Myers and I pick up Catalina Lee at her office after work and take her home.
As we drive across town, Lee explains that she’s not just taking a rideshare home because she’s tired. She does it to meet people with new points of view.
“I only mingle with a certain kind of group, and I don’t really get to explore different ways people think. It’s just interesting to hear about it,” she says.
When you talk to Myers or her passengers, or people participating in food co-ops or other shared economies, their enthusiasm is not about the transactions, necessarily — it’s about the community.
“I definitely feel like I’m a part of the fabric and the core of the city now like I never was before,” Myers says.
The Sharing Economy Trend
In the last several years, the idea of sharing cars and bikes has begun to take hold in major American cities.

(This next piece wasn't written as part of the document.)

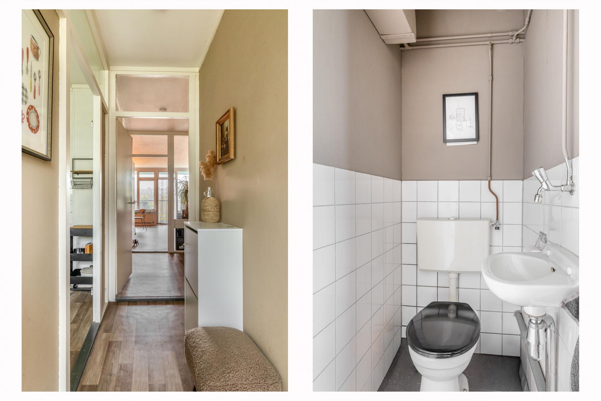 Het appartement telt twee slaapkamers. De grootste is ideaal als master bedroom en biedt ruimte voor een tweepersoonsbed en kledingkast. De tweede slaapkamer is perfect als logeerplek, thuiskantoor of hobbykamer. De badkamer is compact maar praktisch, met ligbad en douche, wastafel en aansluiting voor de wasmachine. Het toilet is separaat, wat prettig is voor het dagelijkse gebruik.

About three years ago was when the movement really took off. The country was coming out of the economic collapse. Smartphones were becoming mainstream. Your grandmother was getting on Facebook.
“There were many more business models emerging, many more entrants, a lot more investment money and a lot more disruption,” says Susan Shaheen, who teaches and researches transportation at the University of California, Berkeley.

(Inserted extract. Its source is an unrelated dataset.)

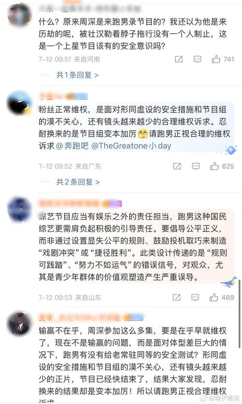 《奔跑吧》这档节目最近**沸沸扬扬。收视率是不错,0.87%的成绩摆在那儿,可问题是,拿下收视冠军,也招来了不少骂声。大家伙儿最不爽的,是最新那一期里撕名牌那摊子事儿。话说周深在那儿,瘦是瘦,但真挺不住。李晨和郭艾伦两个大块头,在那儿把他拖来拖去的。郭艾伦那身高,一米九不止,直接就把周深拎起来,转着圈圈玩。周深躺在地上死死护着那块牌子,郭艾伦还不依不饶,抓住他衣服,拖了足足十一秒。这操作,看着都替他捏把汗。周深被拖得惨,鞋都甩脱了,脸上也磕破了。旁边那帮人看见这景象,想上手拉他,周深摆摆手,说啥也不让动,他心里惦记的是那个麦克风,怕被人家给抢了去。这当口,有人发现周深耳朵都紫了,这哪是玩儿,是在玩命。可节目组呢?到*没个说法。评论区都给导演姚译添给关了,大家伙儿只能在别的地儿骂。有人说了,明星上节目磕磕碰碰是常事儿,想当年Baby在跑男里也受过不少伤。这话不假,翻出Baby以前的老视频,脸上挂彩、手指头断、头发被扯得乱七八糟的镜头,不少。可问题是,大家伙儿好像就没这么上纲上线。可***人觉得,时代不同了。大家看节目,不光图个乐呵,更在乎人能不能安全回来。这不是打架,是游戏,规矩得讲,安全得保。这一回,节目组也确实做得不地道。拖拽旁边的人谁*没吱声,摄像师就那么看着拍,*没上去拦一拦。周深被拖完,脚底板都磨黑了,麦克风*没了,那样子,看着是真叫人心里不得劲儿。其实不光是周深,以前跑男里头,受伤的成员也不少,公开的医疗记录都摞那儿好几十条呢。可大家伙儿好像就没这么多意见,是大家对人身安全这块儿看得更重了。要说别的节目,像韩国那边的综艺,拍对抗游戏都得提前把章程定得明明白白。美国那边搞真人秀,连肢体接触时间都给规定了,不能超过五秒。在网上吵得热闹,有人觉得这就是追求真实效果,必须得担点风险;也有人说,明星拿高薪,就该受得了这份罪。可***人想说的是,不管你收视率多高,安全这根弦儿不能松。节目组这回,显然是考虑不周。是该提前把安全预案做得更充分点,还是让嘉宾自己掂量着担风险?暴露出综艺这行当里头,规则得琢磨琢磨。大家看节目,不光要看着过瘾,更要看着舒心,安全要是出了岔子,那赔了夫人又折兵。

And people didn’t necessarily have the money to own vehicles, but they wanted access.
“Access trumps ownership because it gives you a lot a freedom and flexibility and choice, without a lot of the hassles of ownership, including high fixed costs,” Shaheen says.
Ridesharing apps like Uber, Lyft and Sidecar have become important parts of the growing sharing economy. Passengers get the use of an automobile without the hassle of a car note, insurance, parking and gas. It’s just a simple economic transaction.
Shaheen says entrepreneurs solved one of the central problems of accessing a vehicle that belongs to someone else: “Getting in a car with someone you don’t know has been considered a barrier to ridesharing and carpooling for a very long time,” she says.
There wasn’t always the technology to create these communities around economic transactions.
Now that there is, Shaheen says, ridesharing is just the beginning.